Here’s what you should know about these two bearish growth stocks.

Investor analyzing paper and digital charts at their desk.

Image source: Getty Images.


Agreements are the lifeblood of any business. Departments such as sales, finance and human resources rely on agreements with customers, partners and employees. Unfortunately, the traditional paper-based processes used to generate contracts, acquire signatures, and act on agreements are time-consuming, complicated, and error-prone. This is where DocuSign can make a difference.

Its platform, the Cloud Agreement, is built around DocuSign eSignature, a tool that allows customers to acquire legally valid signatures on digital documents. As a pioneer in the industry, DocuSign has become the gold standard and holds a market share of over 70%. But over the years, its platform has expanded to include tools for automated contract generation, AI-powered analytics, electronic notarization, and digital payments. And these tools integrate with over 350 third-party technologies, including productivity platforms such as Microsoft 365 and customer relationship management software such as sales force.

Overall, DocuSign’s strong product portfolio and broad set of integrations fueled solid financial performance. Over the past year, revenue has grown 45% to $ 2.1 billion and free cash flow has skyrocketed 107% to $ 445.1 million. Better yet, despite indications that have disappointed Wall Street, the company is well positioned for future growth.

DocuSign currently boasts a Net Promoter Score (NPS) of 72. NPS is designed to measure customer experience and a score of 50 is considered excellent, while a score of 70 (or higher) is world-class. In other words, DocuSign has developed a great relationship with its customers. Even so, the company captured only 4% of its $ 50 billion addressable market, leaving plenty of room for future growth. And with stocks trading at 6.9x sales, much cheaper than the three-year average of 21.9x sales, now seems like a good time to buy this growing stock.

2. Global

Globalant provides IT consulting and product engineering services. The company helps its customers get their digital transformation projects in motion, whether that means rethinking product strategies, improving the customer experience, or implementing new technologies. To do this, Global employs over 22,000 IT professionals with a wide range of skills, from artificial intelligence and cloud computing to digital marketing and game development.

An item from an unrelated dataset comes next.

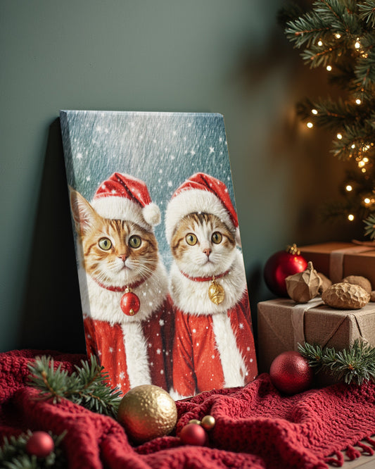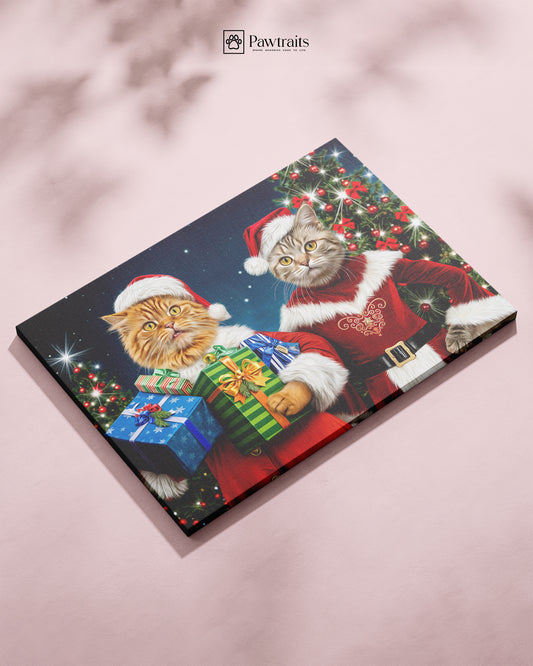 Santa's Purr-fect Helpers - Персонализиран новогодишен портрет на канвас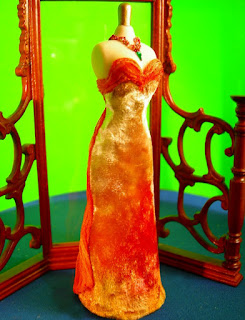 Hello everyone and thanks to all my followers for leaving comments and reading my blog. You are the best of the best helping me keep my self- respect! I know my minis are not the best in the world, but, as a cancer survivor, a lovely quote from Sharon Olds is inspirational: "Writing or making anything—a poem, a bird feeder, a chocolate cake—has self-respect in it. You're working. You're trying. You're not lying down on the ground, having given up." You are my motivation for posting and offering give a ways. See details below on how to win this fabulous 1 inch scale dress from my Jared Collection. It is made on a hanger (cannot be worn by doll) from gorgeous paper backed fabric. How did I create this tiny beauty? According to Martha Beck's quote below this is how:

Globant’s extensive knowledge base has helped it win over a number of blue-chip clients, including Coca Cola, Alphabetis Google, and disney waltz. Better yet, the company increased its clientele by 42% to 1,138 last year, and 185 of those clients have spent over $ 1 million in the past 12 months, a 43% increase over 2020. Unsurprisingly, that is. has translated into impressive financial results. Over the past year, revenues increased 59% to $ 1.3 billion and earnings increased 67% to $ 2.28 per diluted share.

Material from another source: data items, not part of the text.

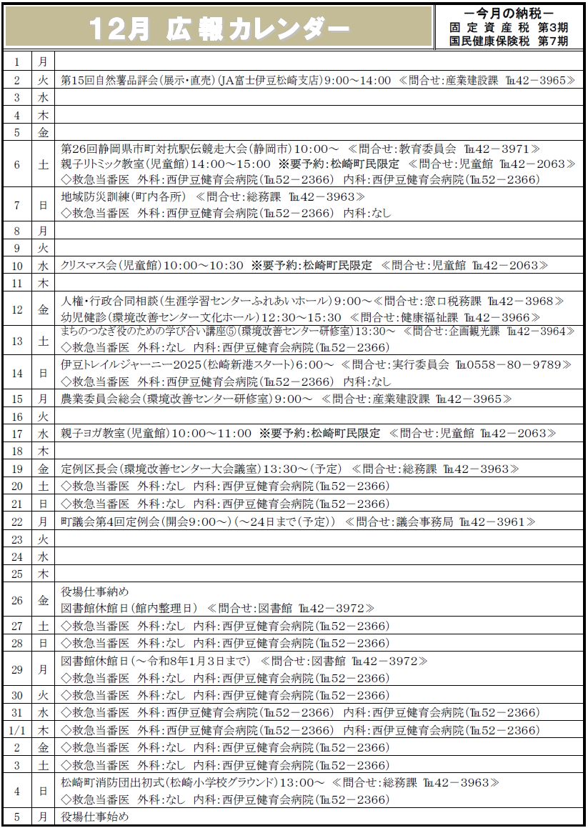 くらし 12月広報カレンダー 6/7 前の記事 次の記事 発行日 : 2025年11月27日 自治体名 : 静岡県松崎町 広報紙名 : 広報まつざき お知らせ版 第482号 令和7年11月27日(木) ※このスケジュールは予定ですので、変更になる場合があります。 Tweet シェアする 松崎町職員採用試験(社会人経験者・随時採用) その他のお知らせ(広報まつざき お知らせ版 第482号 令和7年11月27日(木))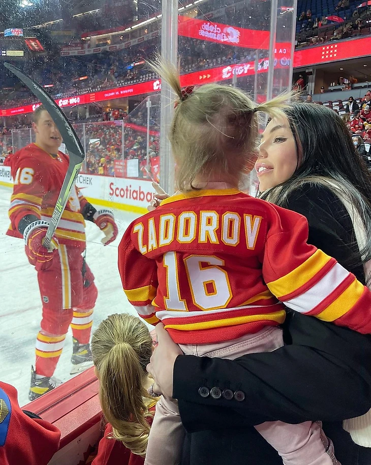 Александра – жена защитника «Калгари» Никиты Задорова. Он сделал ей предложение, подарив кольцо за 50 долларов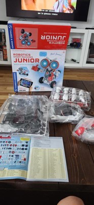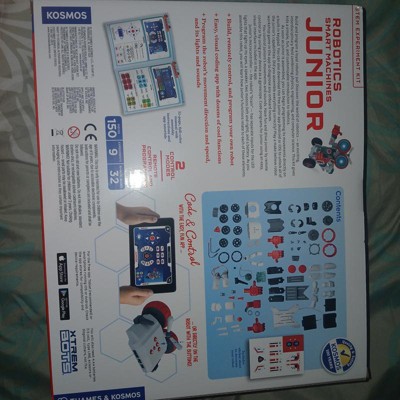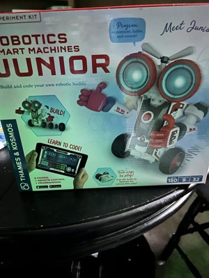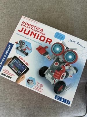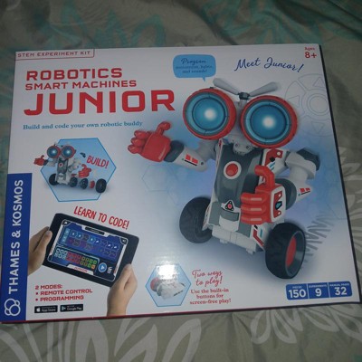 Thames & Kosmos Robotic Smart Machines Junior was a bit challenging to build, it has many pieces to assemble, but worthy, it has two modes to play with built-in buttons or with the app using controls and programming. This robot has sounds, lights and movements that make it so fun! My kids really enjoy it
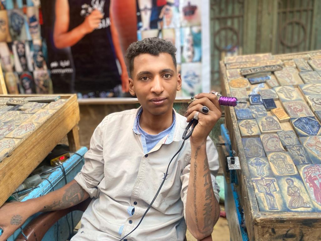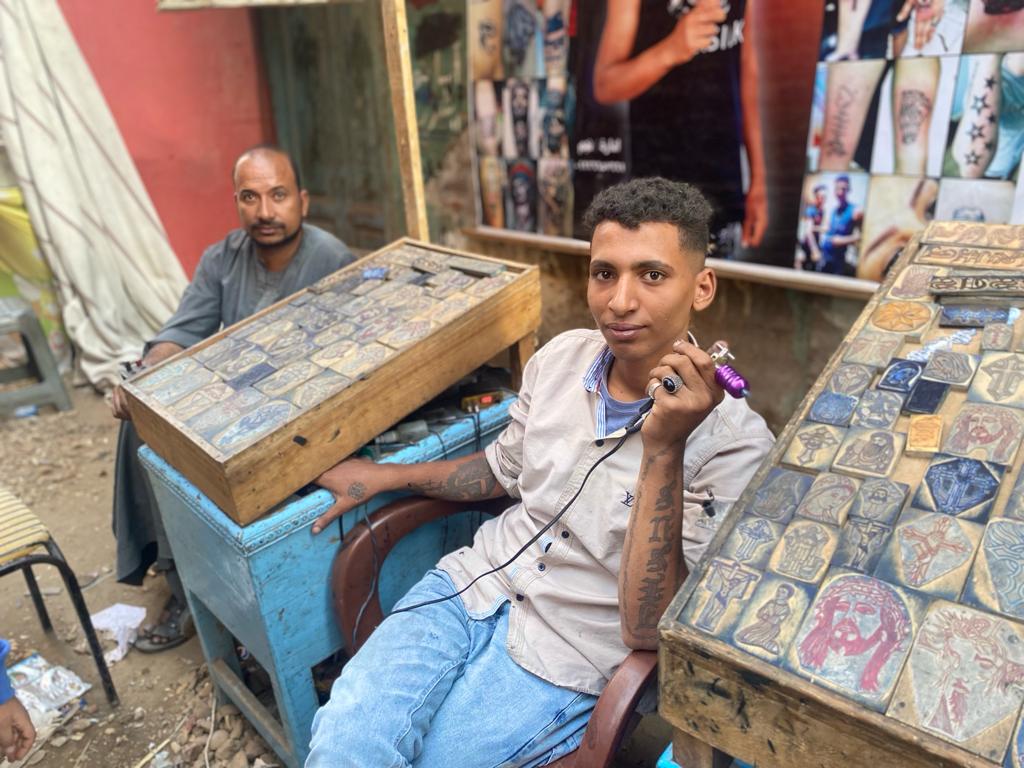 أسعارها تصل لـ 300 جنيه.. أقباط المنيا يدقون الصلبان ويوشمون القديسين على أجسادهم.. عوبيد نجم: ورثت المهنة عن والدي.. الأحبار أمريكية والمخدر موضعي (فيديو وصور)

Looking ahead, the company is aiming for $ 154 billion in 2022 and management is working to exploit that opportunity through geographic expansion and its 100-square-foot growth strategy. Specifically, Globant prioritizes the top 100 accounts in terms of potential, with the goal of building lasting relationships with customers that could eventually generate $ 100 million (or more) in revenue.

So far, that strategy is working. Research firm Everest Group ranked Globant among the five fastest growing engineering service providers in the world last year. As companies continue to invest in digital transformation for years to come, Globant is well positioned to maintain this momentum. And with shares trading at a reasonable 7.6 times sales – below its three-year average of 8.3 times sales – this looks like a buying opportunity for long-term investors.

This article represents the author’s opinion, who may disagree with the “official” recommendation position of a premium Motley Fool consulting service. We are heterogeneous! Questioning an investment thesis, even one of our own, helps all of us think critically about investing and make decisions that help us become smarter, happier, and richer.